Constructing a Hybrid Graph and Vector Retrieval System with ArangoDB BentoML and a Ruby on Rails Orchestrator


Standard vector-based retrieval systems for Retrieval-Augmented Generation (RAG) pipelines often fail to capture the structural context inherent in a corpus of documents. A query for “performance tuning for the asset pipeline” might retrieve semantically similar text chunks from entirely different projects or documentation versions, leading to a large language model generating a plausible but incorrect answer. The core technical pain point is that vector similarity alone is context-blind; it understands “what” but not “where” or “how it’s connected.” Our initial attempts using a pure vector database confirmed this limitation, forcing a re-evaluation of the retrieval architecture.

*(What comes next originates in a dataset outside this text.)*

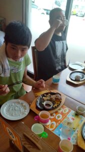 おいしそうなハンバーグにみなさん嬉しそうな表情で・・・

The proposed solution was to fuse semantic search with graph-based relational context. This requires a data store capable of efficiently handling both vector indexes and graph traversals within a single query. ArangoDB was selected for its native multi-model capabilities, allowing us to represent documents and their embeddings alongside a knowledge graph of their interconnections. For ML model serving, BentoML was chosen to decouple the embedding model’s lifecycle from our main Ruby on Rails application, a non-negotiable for production stability. Rails serves as the robust orchestrator, managing the multi-step retrieval process: embedding the user query, executing the hybrid query against ArangoDB, and preparing the context for the LLM.

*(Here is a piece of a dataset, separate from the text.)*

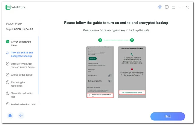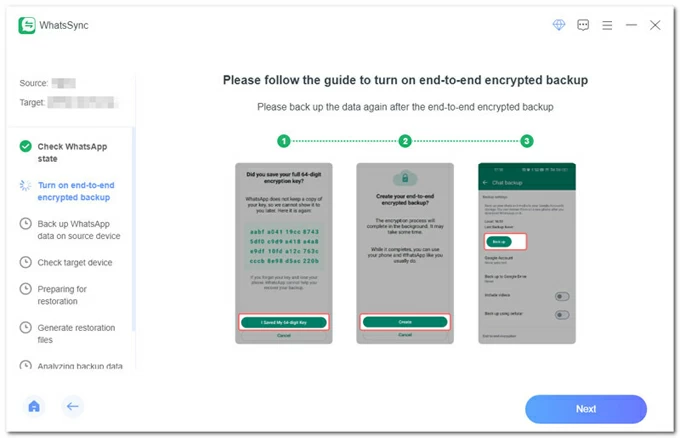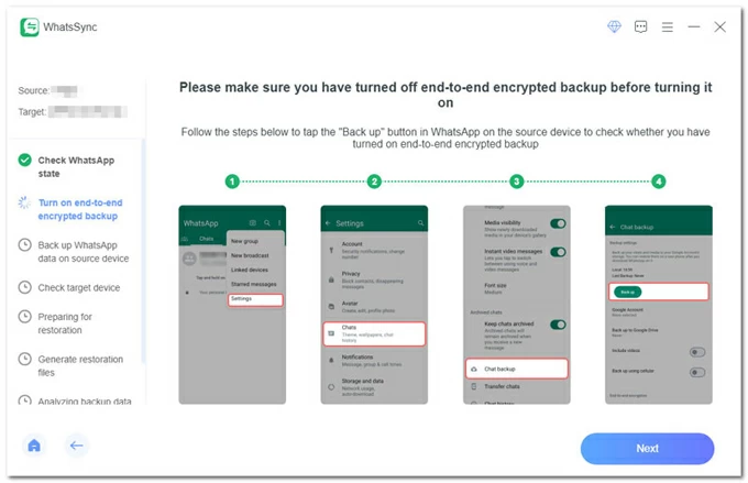 步驟 2. 將 WhatsApp 聊天從 Android 轉移到 iPhone 17。

This document details the build process, focusing on the critical implementation details of each component.

The Decoupled Embedding Service with BentoML

In a real-world project, embedding the ML inference runtime directly into the monolithic Rails application is a significant anti-pattern. It couples deployment cycles, bloats the application’s memory footprint, and makes scaling the ML and web components independently impossible. BentoML provides a clean separation of concerns.

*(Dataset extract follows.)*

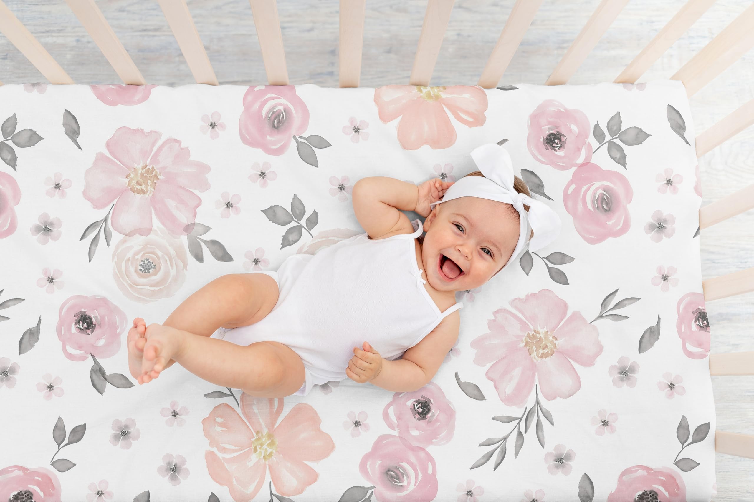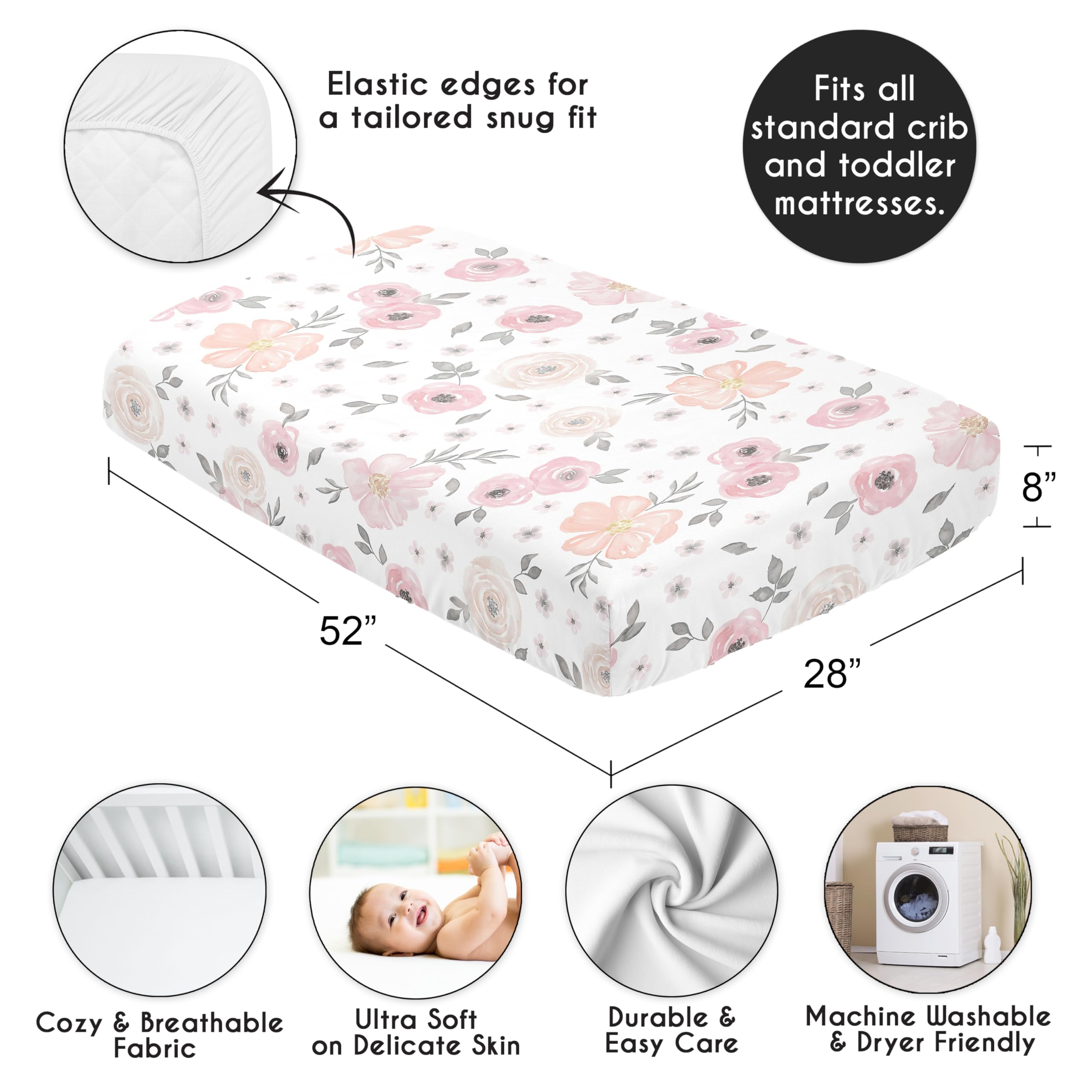 SNUG FIT: Includes (1) Fitted Crib Sheet 52in. x 28in. x 8in. Our newborn standard crib sheets fit snugly, with premium elastic sewn around the entire bottom edge for a secure fit on most standard sized cribs and toddler beds, to reduce shifting and bunching. This brushed microfiber crib sheet features an exclusive design of a blush pink, grey & white boho, garden, watercolor floral, shabby chic, leaf, wildflower, flower print & is gentle on delicate skin to foster a soothing sleep environment.

The service definition is straightforward. It loads a pre-trained sentence-transformer model and exposes a single endpoint to generate embeddings.

service.py:

import bentoml
import numpy as np
from sentence_transformers import SentenceTransformer

# A common mistake is to use a model name that requires a download every time the
# container starts. It's better to download it once and reference the local path,
# or use BentoML's model management to package it.
MODEL_NAME = "all-MiniLM-L6-v2"
MODEL_DIMENSION = 384 # Hardcoded for this model to ensure consistency.

@bentoml.service(
    resources={"cpu": "1"},
    traffic={"timeout": 60},
)
class EmbeddingService:
    def __init__(self) -> None:
        """
        Service initialization. This runs once when the BentoML server starts.
        """
        try:
            self.model = SentenceTransformer(MODEL_NAME)
            print(f"Embedding model '{MODEL_NAME}' loaded successfully.")
        except Exception as e:
            # Proper logging is critical for diagnosing startup failures in production.
            print(f"FATAL: Failed to load sentence transformer model: {e}")
            raise

    @bentoml.api
    def embed(self, texts: list[str]) -> np.ndarray:
        """
        Generates embeddings for a batch of texts.
        The API expects a JSON list of strings.
        """
        if not texts or not isinstance(texts, list):
            # Input validation is crucial for a robust API.
            # Here we might raise a specific BentoML exception for bad requests.
            raise bentoml.exceptions.BentoMLException("Input must be a non-empty list of strings.")

        try:
            # The core logic. Note the `normalize_embeddings=True` which is important
            # for using cosine similarity later on, as it makes it equivalent to a dot product.
            embeddings = self.model.encode(
                texts,
                convert_to_numpy=True,
                normalize_embeddings=True
            )
            return embeddings.astype(np.float32)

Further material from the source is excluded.